Work item: Each line of data below must be printed exactly as written, with any pictures removed.
══════
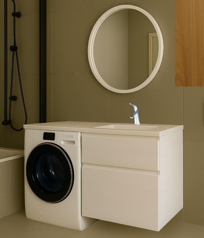 При заказе необходимо выбрать разворот раковины. Разворот определяется по расположению чаши умывальника: чаша-слева, а крыло-справа; чаша-справа, а крыло-слева. Под чашей будет располагаться шкаф, а под крылом - стиральная машина.Тумба для умывальника с крылом над стиральной машиной Vela Мира 66П TU1779 из влагостойкой МДФ Egger (Австрия). Свойства. Фасады и корпус из крашеной МДФ. Внутренние детали из ЛДСП. Легкий ход ящиков. Доводчик для плавного закрывания. Высота и глубина тумбы указаны без учета габаритов умывальника, ширина с раковиной - номинальная. Производство. Белорусская компания Vela занимается выпуском мебели для ванных комнат. Собственный конструкторский отдел. Современное оборудование. Качество. Продукция соответствует белорусским ГОСТам и стандартам Таможенного союза. Красивая отечественная мебель высокого качества. Изображение и цвет на мониторе могут отличаться от оригинала. Комплектность:
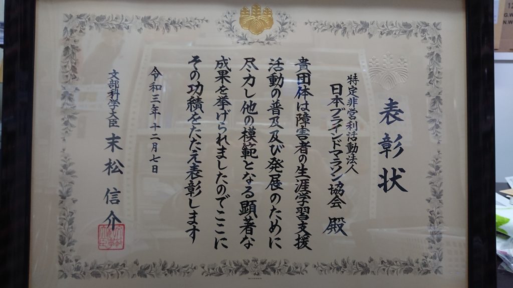 この度、日本ブラインドマラソン協会が令和3年度「障がい者の生涯学習支援活動」に係る文部科学大臣表彰を受賞しました。
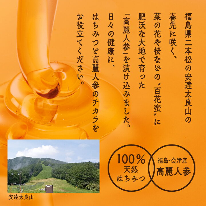 - 【ふるさと納税】 自家採蜜はちみつ 高麗人参入り 255g 490g 840g 選べる容量 ハチミツ 蜂蜜 自家採蜜 高麗人参 朝鮮人参 国産100% おたねにんじん 二本松養蜂場 滋養強壮 おすすめ お中元 お歳暮 ギフト 二本松市 ふくしま 福島県 送料無料 【あだたら高原いっぷく】
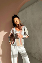 Женский джемпер Nika.pl. Мягкий трикотаж из акрила приятен к телу и дарит ощущение комфорта. Свободный крой с заниженной линией плеча подойдет для фигуры любого типа. Модель дополнена V-образным вырезом горловины и длинными рукавами. Рукава имеют длинную манжету с декоративными пуговицами. По низу резинка, что обеспечит хорошую посадку на любую фигуру.
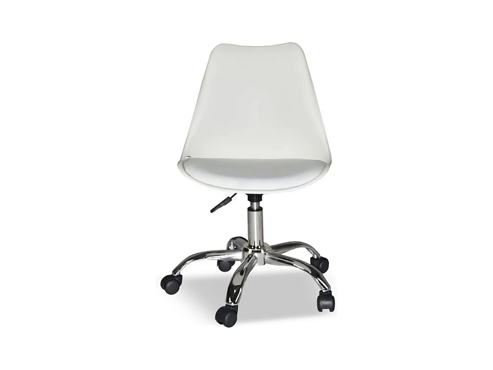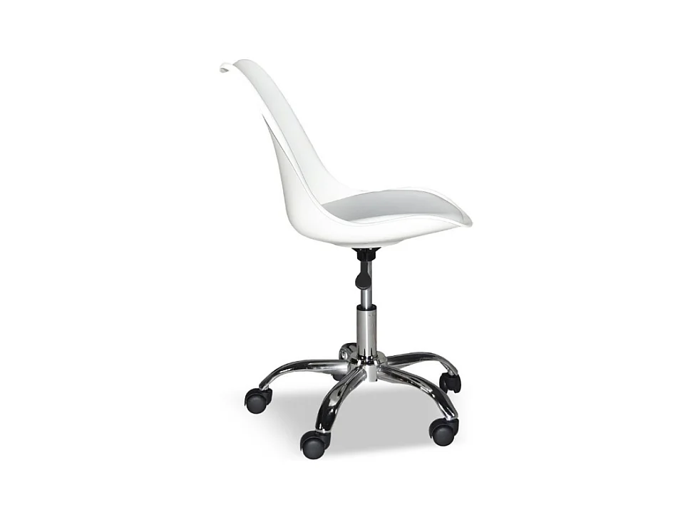 Chaise Bureau velours bianco con accoudoirs, pivotante, réglable et rembourrée 54 cm
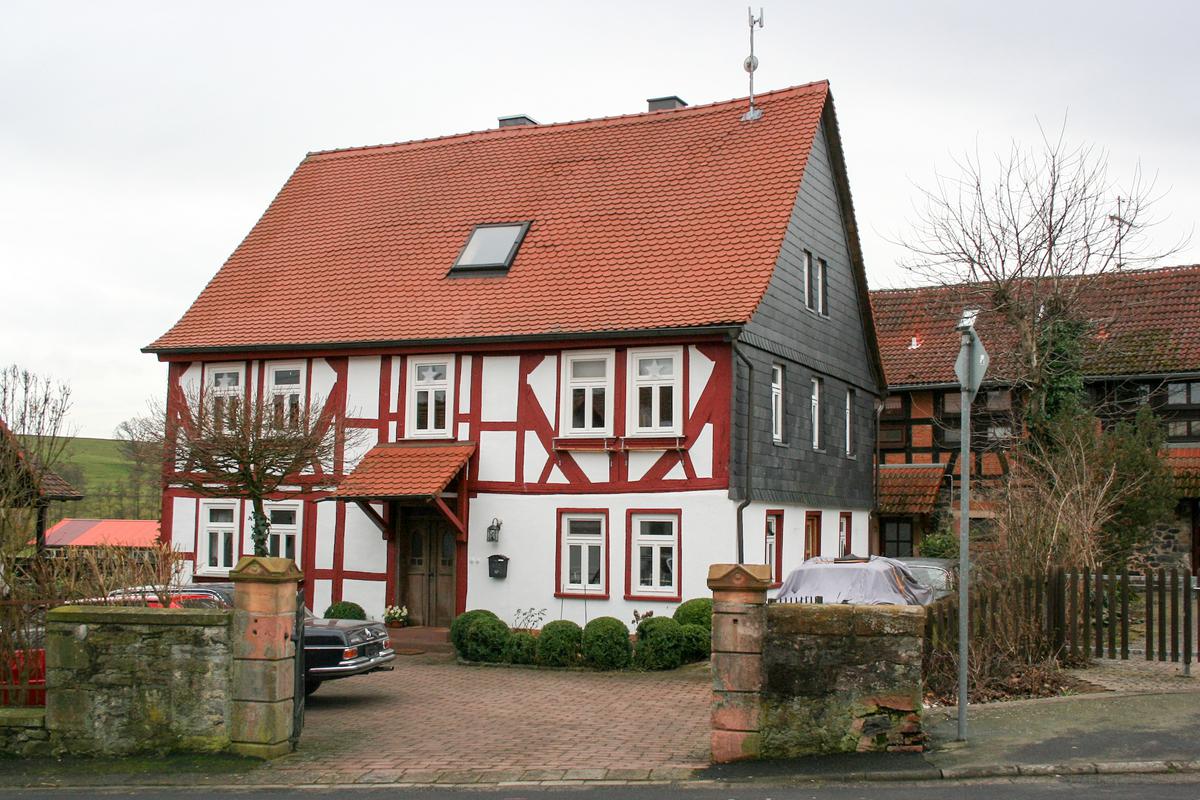 Zweigeschossiges Fachwerkwohnhaus, teilweise verputzt und giebelseitig verschindelt. Fachwerk in starken Dimensionen wie den breiten Eckständern sowie Eckstreben mit Gegenstreben. Zur Straße hin die ursprüngliche Torsituation durch zwei Sandsteinpfosten und Resten der Ummauerung erhalten.
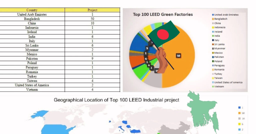 ইউএসজিবিসি অনুসারে, বাংলাদেশের ১৮৭টি গ্রিন-সার্টিফাইড কারখানার মধ্যে ৬৩টি প্লাটিনাম-রেটেড, ১১০টি গোল্ড-রেটেড, ১০টি সিলভার-রেটেড ও চারটি গ্রিন-সার্টিফাইড।
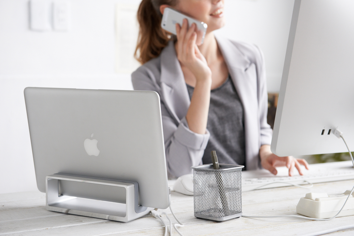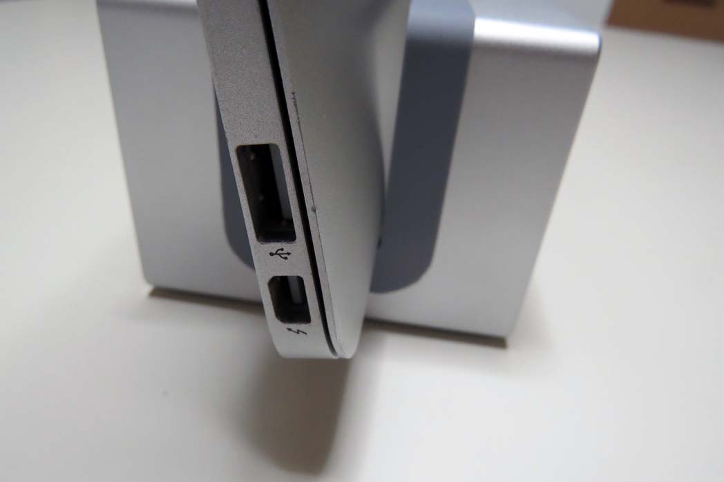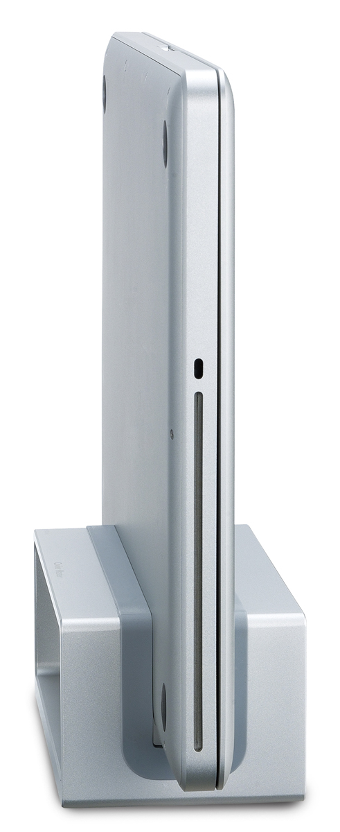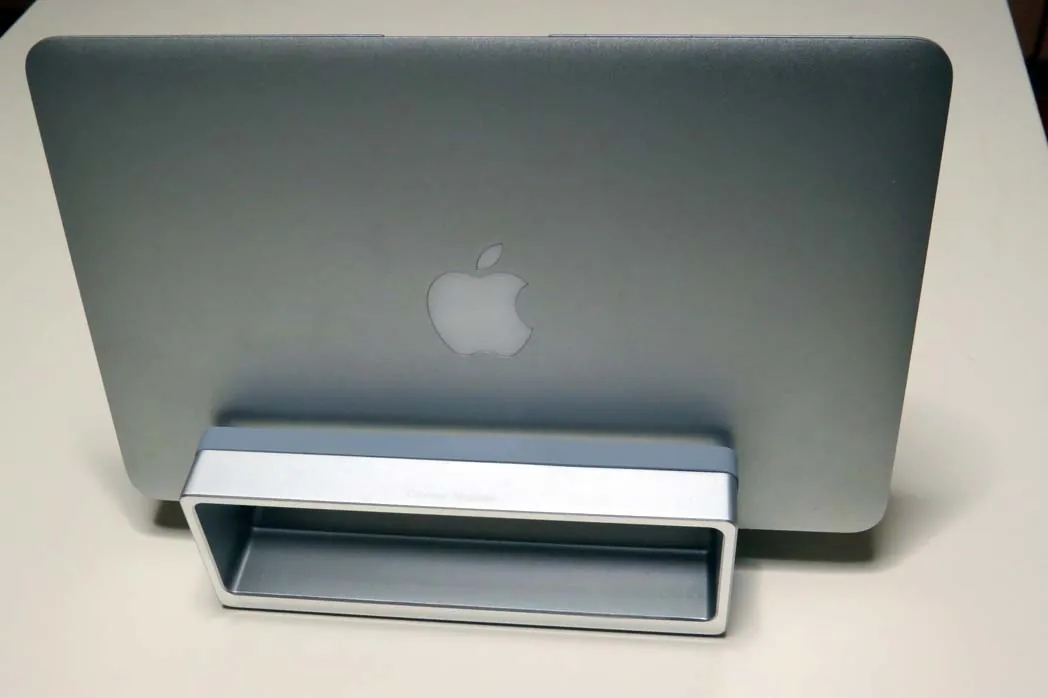 Abbiamo usato il Clutch con un MacBook Air da 11 pollici e dobbiamo dire che il nostro Mac era stabilissimo. D’altra parte è difficile pensare altrimenti visto che il peso del Clucth è sopra il mezzo kg, più della metà di quanto non pesa lo stesso MacBook Air. La base è larga a sufficienza per impedire il ribaltamento anche di dispositivi molto più pesanti e molto più alti. Il Mac una volta posizionato nel Clutch può essere usato collegato ad un monitor, liberando spazio sulla scrivania, rendendolo simile ad un desktop.
══════
Solution for this task:
 При заказе необходимо выбрать разворот раковины. Разворот определяется по расположению чаши умывальника: чаша-слева, а крыло-справа; чаша-справа, а крыло-слева. Под чашей будет располагаться шкаф, а под крылом - стиральная машина.Тумба для умывальника с крылом над стиральной машиной Vela Мира 66П TU1779 из влагостойкой МДФ Egger (Австрия). Свойства. Фасады и корпус из крашеной МДФ. Внутренние детали из ЛДСП. Легкий ход ящиков. Доводчик для плавного закрывания. Высота и глубина тумбы указаны без учета габаритов умывальника, ширина с раковиной - номинальная. Производство. Белорусская компания Vela занимается выпуском мебели для ванных комнат. Собственный конструкторский отдел. Современное оборудование. Качество. Продукция соответствует белорусским ГОСТам и стандартам Таможенного союза. Красивая отечественная мебель высокого качества. Изображение и цвет на мониторе могут отличаться от оригинала. Комплектность:
 この度、日本ブラインドマラソン協会が令和3年度「障がい者の生涯学習支援活動」に係る文部科学大臣表彰を受賞しました。
 - 【ふるさと納税】 自家採蜜はちみつ 高麗人参入り 255g 490g 840g 選べる容量 ハチミツ 蜂蜜 自家採蜜 高麗人参 朝鮮人参 国産100% おたねにんじん 二本松養蜂場 滋養強壮 おすすめ お中元 お歳暮 ギフト 二本松市 ふくしま 福島県 送料無料 【あだたら高原いっぷく】
 Женский джемпер Nika.pl. Мягкий трикотаж из акрила приятен к телу и дарит ощущение комфорта. Свободный крой с заниженной линией плеча подойдет для фигуры любого типа. Модель дополнена V-образным вырезом горловины и длинными рукавами. Рукава имеют длинную манжету с декоративными пуговицами. По низу резинка, что обеспечит хорошую посадку на любую фигуру.
 Chaise Bureau velours bianco con accoudoirs, pivotante, réglable et rembourrée 54 cm
 Zweigeschossiges Fachwerkwohnhaus, teilweise verputzt und giebelseitig verschindelt. Fachwerk in starken Dimensionen wie den breiten Eckständern sowie Eckstreben mit Gegenstreben. Zur Straße hin die ursprüngliche Torsituation durch zwei Sandsteinpfosten und Resten der Ummauerung erhalten.
 ইউএসজিবিসি অনুসারে, বাংলাদেশের ১৮৭টি গ্রিন-সার্টিফাইড কারখানার মধ্যে ৬৩টি প্লাটিনাম-রেটেড, ১১০টি গোল্ড-রেটেড, ১০টি সিলভার-রেটেড ও চারটি গ্রিন-সার্টিফাইড।
 Abbiamo usato il Clutch con un MacBook Air da 11 pollici e dobbiamo dire che il nostro Mac era stabilissimo. D’altra parte è difficile pensare altrimenti visto che il peso del Clucth è sopra il mezzo kg, più della metà di quanto non pesa lo stesso MacBook Air. La base è larga a sufficienza per impedire il ribaltamento anche di dispositivi molto più pesanti e molto più alti. Il Mac una volta posizionato nel Clutch può essere usato collegato ad un monitor, liberando spazio sulla scrivania, rendendolo simile ad un desktop.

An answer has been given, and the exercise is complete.